Filed 3/8/22 Kern Regional Center v. W.B. CA5

NOT TO BE PUBLISHED IN THE OFFICIAL REPORTS

California Rules of Court, rule 8.1115(a), prohibits courts and parties from citing or relying on opinions not certified for publication or ordered published, except as specified by rule 8.1115(b). This opinion has not been certified for publication or ordered published for purposes of rule 8.1115.

IN THE COURT OF APPEAL OF THE STATE OF CALIFORNIA

FIFTH APPELLATE DISTRICT

KERN REGIONAL CENTER,

Plaintiff and Respondent,

v.

W.B.,

Defendant and Appellant.

F082741

(Super. Ct. No. MI006651-00)

OPINION

THE COURT*

APPEAL from an order of the Superior Court of Kern County. Judith K. Dulcich, Judge.

Rachel Lederman, under appointment by the Court of Appeal, for Defendant and Appellant.

Cynthia J. Zimmer, Kern County District Attorney, and John P. Ohanesian, Deputy District Attorney, for Plaintiff and Respondent.

-ooOoo-

W.B. appeals from an order adjudging him a developmentally disabled person who is a danger to himself and/or others and committing him to the custody of the State Department of Developmental Services at the Kern Regional Center. (Welf. & Inst. Code, § 6500.)[1] He contends that the jury’s findings of dangerousness and serious difficulty controlling his dangerousness due to his developmental disabilities were not supported by substantial evidence. Kern Regional Center disagrees. We affirm.

PROCEDURAL SUMMARY

On September 28, 2020,[2] the Kern County District Attorney filed a petition for commitment of W.B. as “A PERSON WITH A DEVELOPMENTAL DISABILITY” who is a danger to themselves or others (§ 6500, subd. (b)(1)). The petition alleged W.B., “age 34, presents with Mild Intellectual Disability ([intelligence quotient]=46) and Autism Spectrum Disorder. He is diagnosed with Schizoaffective Disorder, Depressive Type. As a child he had learning difficulties, which made him eligible for special education services. … On March 21, 2017[,] [W.B.] was charged with one count [of] … [a]ssault with intent to [c]ommit [r]ape by [f]orce or [f]ear [(Pen. Code, §§ 220, 261, subd. (a)(2))], a [f]elony.” After a forensic psychological evaluation was conducted, W.B. was determined to be incompetent to stand trial and was committed to the Kern Regional Center (Pen. Code, § 1370.1). At the time of the petition, he resided at the Porterville Developmental Center (PDC).
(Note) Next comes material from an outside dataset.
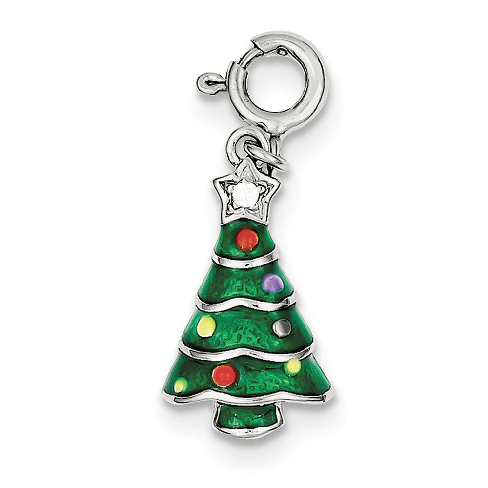 Sterling Silver CZ & Enameled Christmas Tree Charm hide-image

It was previously determined that W.B. was unlikely to become competent any time in the near future and the trial court committed W.B., pursuant to section 6500, as a person with a mental disability who is a danger to themselves or others. The instant petition was filed because the section 6500 commitment was set to expire on November 30.
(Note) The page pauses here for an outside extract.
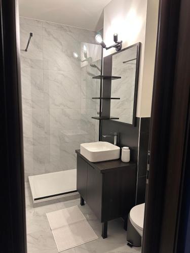 这家公寓配有1间卧室、起居室、带冰箱和咖啡机的设施齐全的厨房以及1间带淋浴设施的浴室。这家公寓也配备1间浴室。

The petition alleged examples of W.B.’s maladaptive and dangerous behavior: In July, he struck PDC staff when they attempted to redirect his behavior and he threatened to stab PDC staff if he “d[id] not get his way.” On June 14, he had an angry outburst wherein he swore at staff and threatened to kill some nonspecific person; he threw a trash can toward PDC staff, nearly striking them; and he lunged toward staff with a closed fist telling them that he wanted to fight. On May 4, he told a PDC staff member that he “ ‘should just punch [her] in the face’ ” after she gave him direction. On February 5, W.B. used profanity with a PDC staff member and attempted to spit on her. On January 30, while W.B. was required to wait for a laboratory blood draw, he began to curse at staff and kick surrounding cabinets. He picked up a chair and advanced on staff. He hit the technician station with the chair twice.

As a result of W.B.’s developmental disabilities and his maladaptive and dangerous behavior, a treating psychologist at the PDC opined that W.B.’s “ ‘limited intellectual functioning places him at higher risk for behaviorally acting out without regard for the consequence of his behavior. He continues to require a secure and structured behavior program with a very high-level o[f] supervision and an emphasis on treatment.’ ”
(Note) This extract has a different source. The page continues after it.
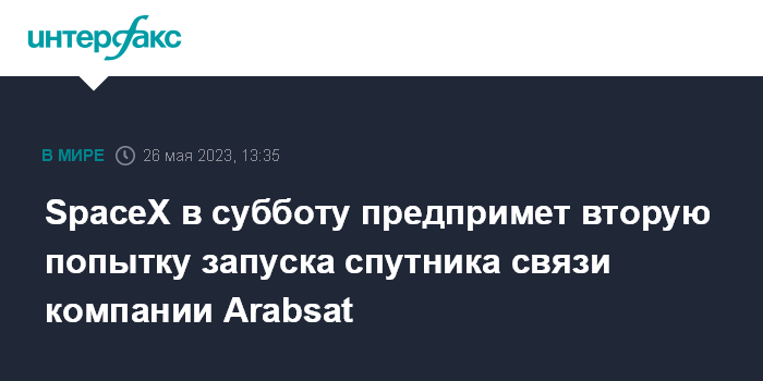 SpaceX в субботу предпримет вторую попытку запуска спутника связи компании Arabsat

On April 26, 2021, the jury found true that W.B. was a developmentally disabled person who was a danger to himself and/or others, and that his developmental disabilities caused him serious difficulty controlling his dangerous behavior. On the same date, the trial court committed W.B. to the State Department of Developmental Services for one year pursuant to sections 6500 through 6512.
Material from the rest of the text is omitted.